But the case provoked little outrage in Pleasant Grove, the city of 10,000 people on the western edge of Birmingham where Ms. Jones was shot.

[Why people in Alabama defended the arrest of Marshae Jones after her fetus died in a shooting.]

According to a law enforcement officer with direct knowledge of the investigation who spoke on the condition of anonymity, Ms. Jones and Ms. Jemison, 23, had been feuding over a man they both worked with. The officer said that Ms. Jones spotted Ms. Jemison in the parking lot of a Dollar General store in Pleasant Grove on Dec. 4 and started fighting with her.

Ms. Jones had hit Ms. Jemison several times and pinned her in her vehicle, the officer said, when Ms. Jemison reached for a gun and fired point blank into Ms. Jones’s stomach.

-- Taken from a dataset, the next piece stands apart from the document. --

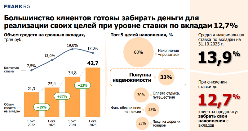 Согласно опросу Frank RG, только 13% его участников планируют покупку жилья в 2025 году, а 87% отложили ее на два-три года и более из-за высоких ставок и цен на жилье.

The uproar over the indictment of Ms. Jones is not the first time that the application of Alabama’s fetal rights laws has attracted criticism and concern.

Alabama has prosecuted hundreds of women for using controlled substances while they are pregnant, under a 2006 “chemical endangerment” law, according to an investigation by ProPublica and Al.com. Doctors have argued that such prosecutions discourage pregnant addicts from seeking the treatment that they and their fetuses need.